[EXCERPTED DATA — start]

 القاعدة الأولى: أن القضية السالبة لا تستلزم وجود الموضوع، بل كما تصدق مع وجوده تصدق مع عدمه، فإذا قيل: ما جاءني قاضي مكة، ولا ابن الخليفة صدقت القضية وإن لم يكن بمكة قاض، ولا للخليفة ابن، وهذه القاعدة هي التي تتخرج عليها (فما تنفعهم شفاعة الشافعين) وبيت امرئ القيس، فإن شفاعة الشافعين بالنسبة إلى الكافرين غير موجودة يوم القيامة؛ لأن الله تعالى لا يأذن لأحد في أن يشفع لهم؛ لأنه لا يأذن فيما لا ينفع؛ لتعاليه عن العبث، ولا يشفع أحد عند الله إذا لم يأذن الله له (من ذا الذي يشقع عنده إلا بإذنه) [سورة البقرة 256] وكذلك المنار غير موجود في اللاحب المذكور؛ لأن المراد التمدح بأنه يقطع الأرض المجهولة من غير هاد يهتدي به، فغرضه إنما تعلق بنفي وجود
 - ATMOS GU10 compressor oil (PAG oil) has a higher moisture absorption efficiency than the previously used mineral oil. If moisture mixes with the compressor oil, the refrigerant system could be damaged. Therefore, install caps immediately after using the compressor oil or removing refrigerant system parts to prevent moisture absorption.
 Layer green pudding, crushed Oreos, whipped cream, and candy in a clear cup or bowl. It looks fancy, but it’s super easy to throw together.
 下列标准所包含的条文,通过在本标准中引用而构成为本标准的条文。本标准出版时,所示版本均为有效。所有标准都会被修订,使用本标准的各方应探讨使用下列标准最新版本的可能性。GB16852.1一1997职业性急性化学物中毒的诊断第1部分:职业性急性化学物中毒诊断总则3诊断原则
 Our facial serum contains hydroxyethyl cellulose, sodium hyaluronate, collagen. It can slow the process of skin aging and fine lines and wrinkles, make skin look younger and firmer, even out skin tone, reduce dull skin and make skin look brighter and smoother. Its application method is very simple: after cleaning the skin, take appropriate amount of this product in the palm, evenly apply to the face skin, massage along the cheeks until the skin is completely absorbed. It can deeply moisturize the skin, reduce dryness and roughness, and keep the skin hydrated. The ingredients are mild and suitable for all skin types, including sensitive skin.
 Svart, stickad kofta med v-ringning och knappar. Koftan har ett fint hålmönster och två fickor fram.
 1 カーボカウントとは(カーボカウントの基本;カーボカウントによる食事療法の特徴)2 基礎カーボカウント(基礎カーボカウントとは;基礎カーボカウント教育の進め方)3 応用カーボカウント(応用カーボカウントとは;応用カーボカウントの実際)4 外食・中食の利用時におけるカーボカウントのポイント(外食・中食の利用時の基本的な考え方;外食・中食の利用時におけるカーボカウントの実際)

[EXCERPTED DATA — finish]
[EXCERPTED DATA — start]

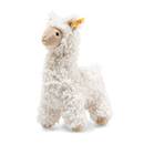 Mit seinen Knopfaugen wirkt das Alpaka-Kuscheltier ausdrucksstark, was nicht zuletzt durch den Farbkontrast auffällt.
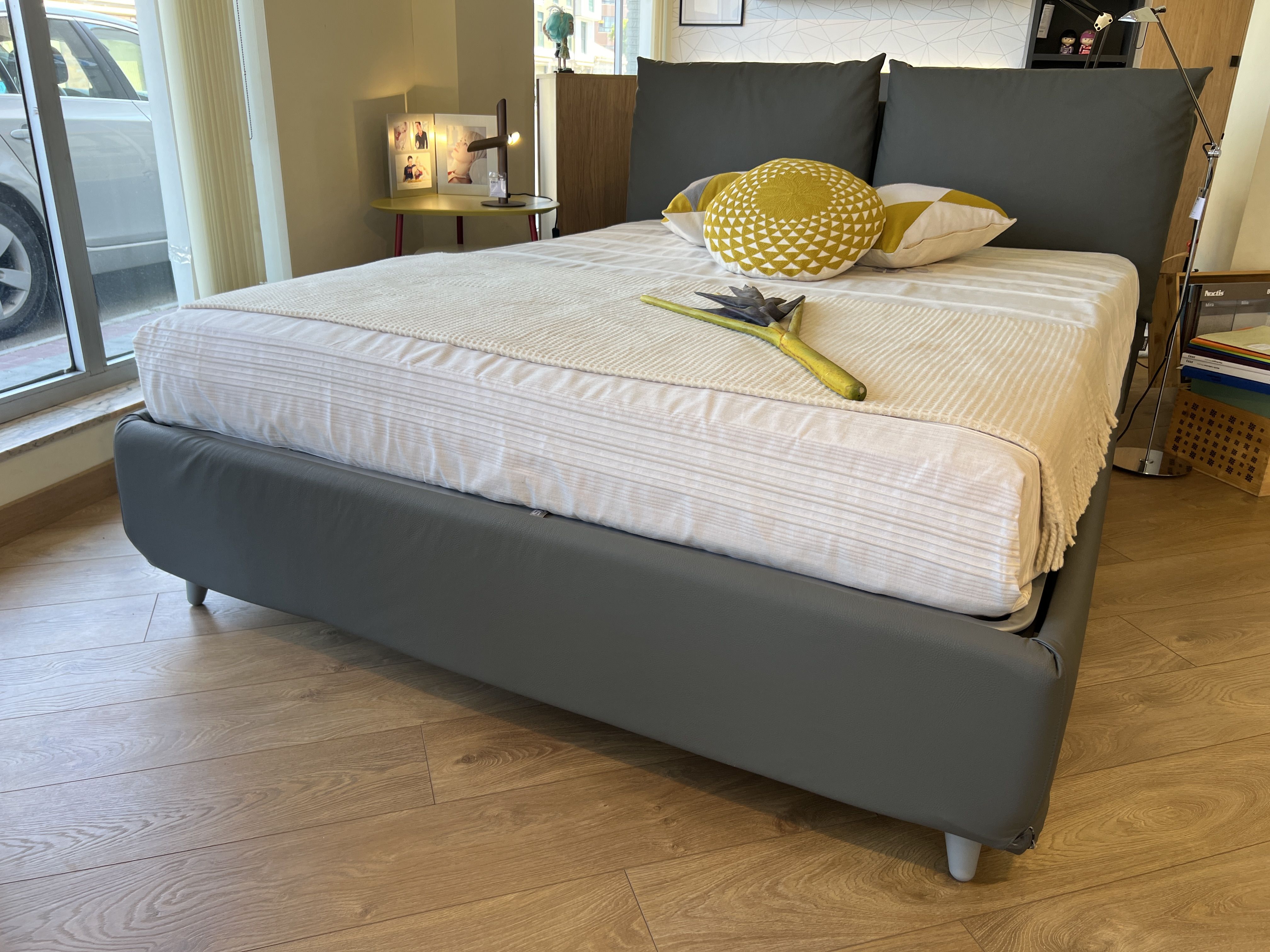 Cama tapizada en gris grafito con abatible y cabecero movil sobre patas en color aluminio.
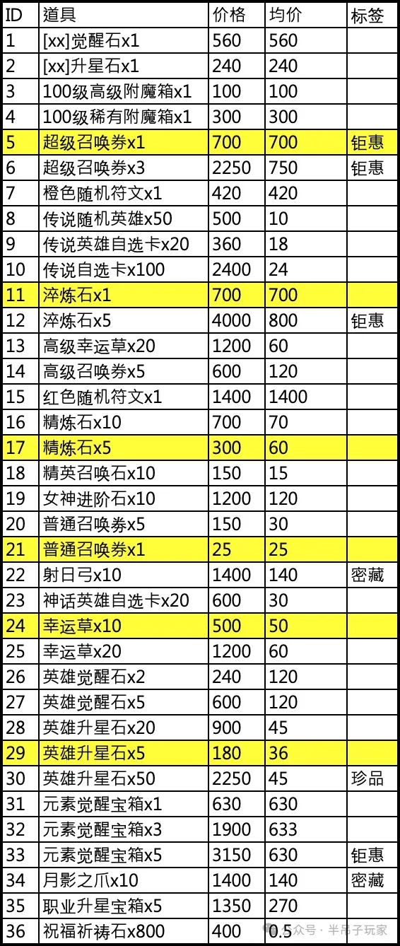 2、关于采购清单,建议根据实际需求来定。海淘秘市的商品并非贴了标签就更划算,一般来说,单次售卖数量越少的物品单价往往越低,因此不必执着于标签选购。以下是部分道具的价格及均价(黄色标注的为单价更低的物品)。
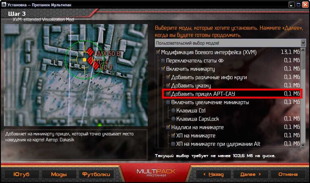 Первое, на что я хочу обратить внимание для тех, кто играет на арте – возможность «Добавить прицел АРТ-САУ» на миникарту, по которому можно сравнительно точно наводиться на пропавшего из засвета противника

[EXCERPTED DATA — finish]

In the listing above, find the line containing "2、关于采购清单,建议根据实" and the line containing "Первое, на что"; print those lines and every line between them exactly, leaving out pictures.

 2、关于采购清单,建议根据实际需求来定。海淘秘市的商品并非贴了标签就更划算,一般来说,单次售卖数量越少的物品单价往往越低,因此不必执着于标签选购。以下是部分道具的价格及均价(黄色标注的为单价更低的物品)。
 Первое, на что я хочу обратить внимание для тех, кто играет на арте – возможность «Добавить прицел АРТ-САУ» на миникарту, по которому можно сравнительно точно наводиться на пропавшего из засвета противника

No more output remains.